Bloomberg News

Occupy London Gets British Bankers Association CEO Meeting

May 15, 2012

Police officers guard the entrance to the British Bankers Association headquarters in London on May 15, 2012. Photographer: Simon Dawson/Bloomberg

Police officers guard the entrance to the British Bankers Association headquarters in London on May 15, 2012. Photographer: Simon Dawson/Bloomberg

About 80 Occupy London protesters rallied outside the British Bankers Association’s headquarters, demanding a meeting with Chief Executive Officer Angela Knight.
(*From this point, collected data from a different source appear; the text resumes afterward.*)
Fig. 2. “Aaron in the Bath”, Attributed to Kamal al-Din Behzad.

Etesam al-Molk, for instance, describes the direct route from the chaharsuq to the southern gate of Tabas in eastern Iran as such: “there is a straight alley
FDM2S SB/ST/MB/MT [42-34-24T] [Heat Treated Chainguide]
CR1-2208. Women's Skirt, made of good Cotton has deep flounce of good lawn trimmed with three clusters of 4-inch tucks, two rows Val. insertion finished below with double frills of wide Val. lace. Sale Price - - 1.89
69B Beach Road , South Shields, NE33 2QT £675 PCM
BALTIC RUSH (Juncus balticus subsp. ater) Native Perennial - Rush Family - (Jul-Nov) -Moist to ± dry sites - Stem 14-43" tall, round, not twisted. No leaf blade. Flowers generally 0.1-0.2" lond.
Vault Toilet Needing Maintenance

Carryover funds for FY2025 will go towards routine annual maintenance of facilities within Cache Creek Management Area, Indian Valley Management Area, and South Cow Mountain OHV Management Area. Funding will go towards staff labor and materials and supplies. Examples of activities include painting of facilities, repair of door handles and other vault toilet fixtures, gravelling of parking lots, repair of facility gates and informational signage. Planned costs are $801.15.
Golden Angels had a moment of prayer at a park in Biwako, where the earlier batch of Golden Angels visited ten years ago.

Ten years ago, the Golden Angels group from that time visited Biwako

Knight met with three demonstrators today inside the BBA’s building on Old Broad Street in the City’s financial district, said an Occupy organizer, Ryan Hickey. They would have preferred she met them outside where all could ask questions, he said.
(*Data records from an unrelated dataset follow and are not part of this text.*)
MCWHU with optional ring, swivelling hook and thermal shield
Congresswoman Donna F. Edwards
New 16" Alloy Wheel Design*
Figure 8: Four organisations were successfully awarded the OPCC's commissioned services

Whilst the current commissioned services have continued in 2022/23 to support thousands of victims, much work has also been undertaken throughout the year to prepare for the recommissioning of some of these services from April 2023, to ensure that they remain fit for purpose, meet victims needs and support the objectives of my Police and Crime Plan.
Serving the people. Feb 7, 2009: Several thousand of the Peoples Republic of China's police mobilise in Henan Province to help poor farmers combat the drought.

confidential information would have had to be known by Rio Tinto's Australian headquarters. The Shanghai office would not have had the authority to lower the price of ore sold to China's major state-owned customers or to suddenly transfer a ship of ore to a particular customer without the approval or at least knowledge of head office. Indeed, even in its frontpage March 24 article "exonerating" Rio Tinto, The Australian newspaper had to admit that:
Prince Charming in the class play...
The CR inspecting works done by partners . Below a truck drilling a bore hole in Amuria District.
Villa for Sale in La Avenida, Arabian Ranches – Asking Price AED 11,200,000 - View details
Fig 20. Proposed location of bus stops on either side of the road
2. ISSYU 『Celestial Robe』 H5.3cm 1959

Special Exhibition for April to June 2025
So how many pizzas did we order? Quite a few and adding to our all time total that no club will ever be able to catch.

“She listened to their views and explained how the U.K. has a world-leading banking center, employing around half a million people and making one of the largest contributions to the country through tax and charitable giving,” the BBA said in an e-mailed statement. “She said she understood the concerns of the group, had no doubts about their sincerity.” The meeting lasted about 25 minutes.
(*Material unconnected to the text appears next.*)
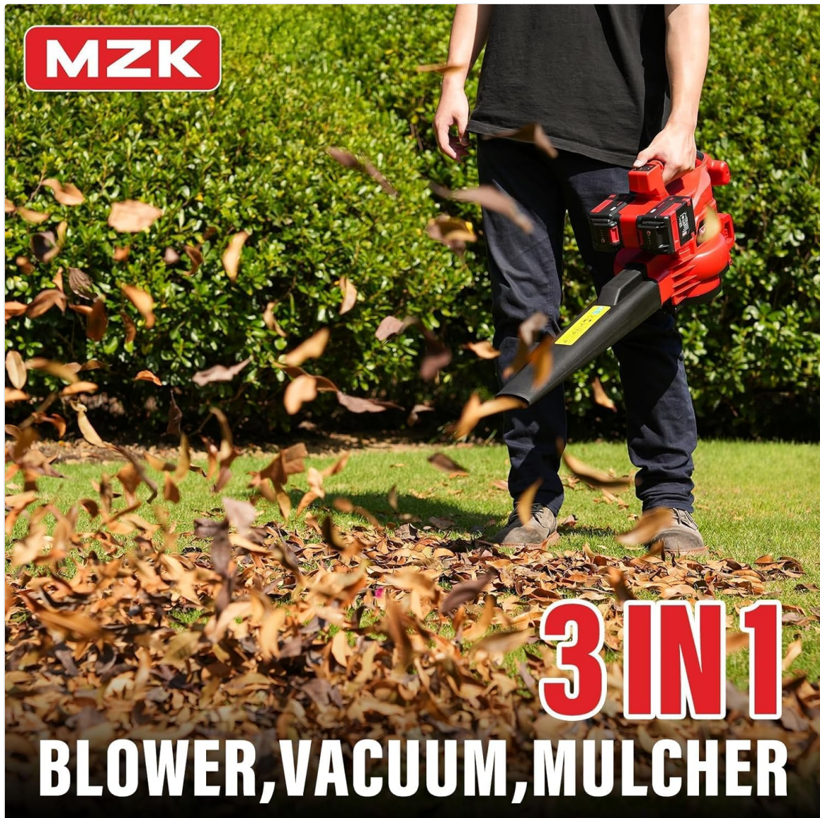
Figure 1: Operating the MZK 3-in-1 tool in blower mode.

The Occupy movement began in New York in September and spread to Europe, Asia and Australia to oppose bank bailouts, austerity measures and corporate profits. As Britain’s coalition government oversees public-spending cuts, the U.K. last quarter fell into its first double-dip recession since the 1970s.

No arrests were made, according to a City of London Police spokeswoman, who declined to be identified in line with policy.

Michael Richmond, 26, a novelist from London, said he was protesting against the BBA because it “represents the interests of all investment banks” at the expense of other groups and because the group is given a “free run” by the media.

Knight will step down in July after five years at the BBA, the group said last month. She is to become CEO of Energy U.K., an energy-industry trade association.

The protesters’ first camp at St. Paul’s Cathedral led to Christopher Wren’s 17th century masterpiece closing in October. Ten days later its dean, Graeme Knowles, said he would resign, after criticism over the church’s handling of the protesters.

Demonstrators camped in London’s Finsbury Square were ordered on May 11 to leave by May 18 or face legal proceedings.